Лера на секунду задумалась, а потом выдала абсолютно невероятное:

— Ты мог её обидеть!

Спорить с ней он не стал, какой смысл вообще спорить с истеричками? Вместо этого он сделал шаг вперёд, потеснив Серёгу, зашёл в его квартиру, по-свойски поинтересовавшись:

— Есть чё пожрать?

***

Пока Андрей поедал приготовленную Литвиновым яичницу, Лера сидела напротив и с подозрением косилась в его сторону, как если бы действительно подозревала его в том, что он придушил Свету, закатал её в ковёр и вывез в лез.

Серёга варил кофе и продолжал потешаться над девушкой и собственным другом.

— Спасибо, — поблагодарил Андрей приятеля, когда с завтраком было покончено. — Чуть с голоду не помер, со вчерашнего вечера ничего не ел.

А если учесть, сколько энергии он потратил за утро, то замечание про голод было совсем не преувеличением.

— Ха! — победно хмыкнула Лера, словно наконец-то уличила его во лжи. — Значит, ты врёшь, что ты был у Светы! Она бы тебя голодным из дома не выпустила. У неё какой-то пунктик на сей счёт.

— У неё в холодильнике пусто было.

— Врёшь!

Захотелось опять закатить глаза.

— Ни-че-го, кроме макарон.

И те они сожгли.

— Я тебе говорю, это не про Свету, она по жизни за любой кипиш, кроме голодовки.

Сказано было вроде как с любовью, но Андрею не понравилось. Его вообще не устраивало, что они обсуждали Свету, — будто сплетничали за её спиной.

К счастью, у Леры в этот момент зазвонил телефон и продолжать она не стала, радостно завопив в трубку:

— Иванова, ты живая!

Исаев ещё что-то обсуждал с Серёгой, какие-то общие дела, а сам параллельно бросал взгляды на Леру, про себя сравнивая двух подруг.

Лерка его периодически раздражала, было в ней что-то такое… мозговыносящее. Но если бы ему кто-то предложил выбор, кого предпочтительнее поймать своей шеей в том баре, он безоговорочно выбрал бы… не Свету. И дело было даже не в весовых категориях, где Лера безусловно выигрывала, — она в целом выглядела куда эффектнее подруги: длинноногая блондинка с какими-то невероятными волнами светлых волос. Со Светой было весело, наверное, даже интересно, и общение с ней заходило ему куда больше, но выбрал бы он всё равно… не её.

***

— Почему у меня вечно всё через известное место? — вопрос был скорее риторический и ответа не требовал, но Лена, казалось, задумалась всерьёз и даже успокаивающе погладила меня по голове. Я как раз устроилась на диване так, что моя голова лежала на её коленях.

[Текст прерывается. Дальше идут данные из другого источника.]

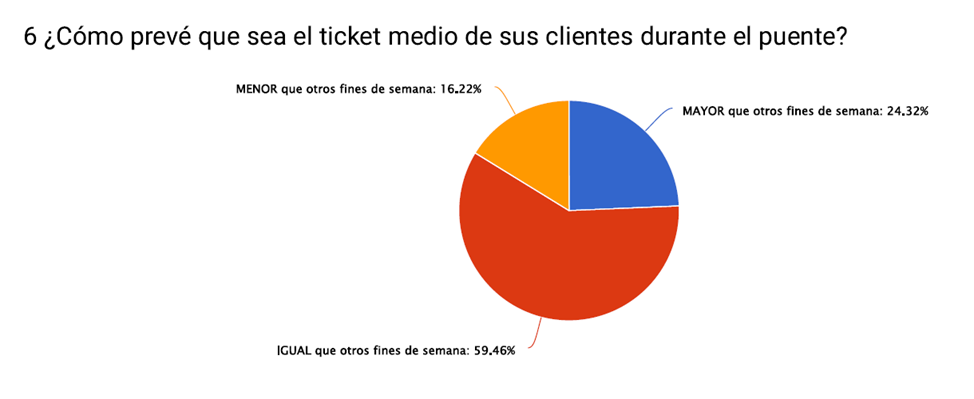 En cuanto al ticket medio, un 59% de los establecimientos espera un gasto similar al de otros fines de semana, mientras que un 24% cree que el ticket será mayor y un 16% pronostica un gasto medio más bajo.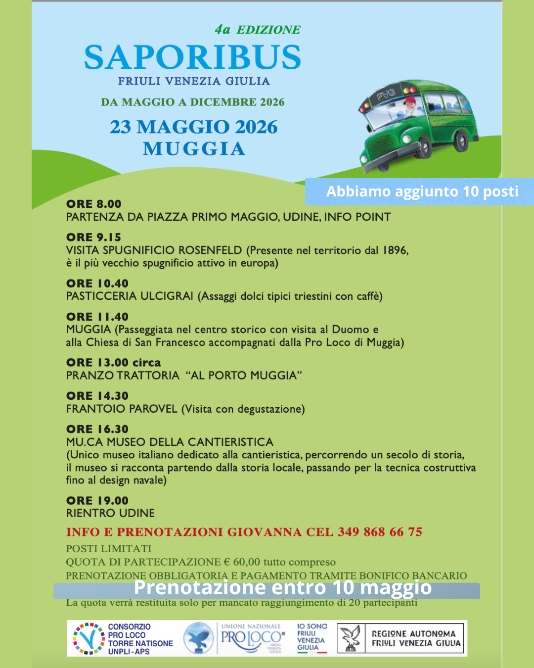 Dopo il successo delle precedenti edizioni, torna sabato 23 maggio “Saporibus”, il bus del gusto con partenza e rientro dal centro di Udine, che attraversa il Friuli Venezia Giulia unendo enogastronomia, cultura e mobilità sostenibile. Giunto alla quarta edizione, il progetto è promosso dal Consorzio Pro Loco Torre Natisone UNPLI APS e si conferma un format capace di valorizzare territori e tradizioni locali attraverso un turismo lento e consapevole.

— Тот же вопрос себе задаю, вот уже как тридцать лет, — задумчиво сообщила сестра, — почему у тебя вечно всё не как у людей?

— Эй! — решила возмутиться я, задрав лицо максимально вверх. Так-то ругать мою жизнь разрешалось только мне.

— Ну а как ты хотела? — пожала она плечами и… прыснула, возвращаясь к тому месту в моём рассказе, которое её так впечатлило: — У папы там точно глаз не выпал?

— Точно. Чуток перекосило, но в целом терпимо. А мама — молодец, даже бровью не повела.

— У мамы просто самообладание лучше развито, а так можешь быть уверена, что она успела пережить весь спектр эмоций.

— Это я пережила весь спектр эмоций, — пряча лицо в ладонях, практически простонала я. — Надо же было всему одновременно случиться. И Ромка ещё этот… Думала, что со стыда там сгорю.

— Да брось ты. Тебе напомнить, сколько тебе лет?

— Не надо.

— И родителям, так или иначе, придётся это принять.

— Ага, — буркнула себе под нос, соглашаясь для проформы. На самом деле иногда мне думалось, что легко Лене рассуждать, у неё-то всё случилось вовремя, а вот у меня…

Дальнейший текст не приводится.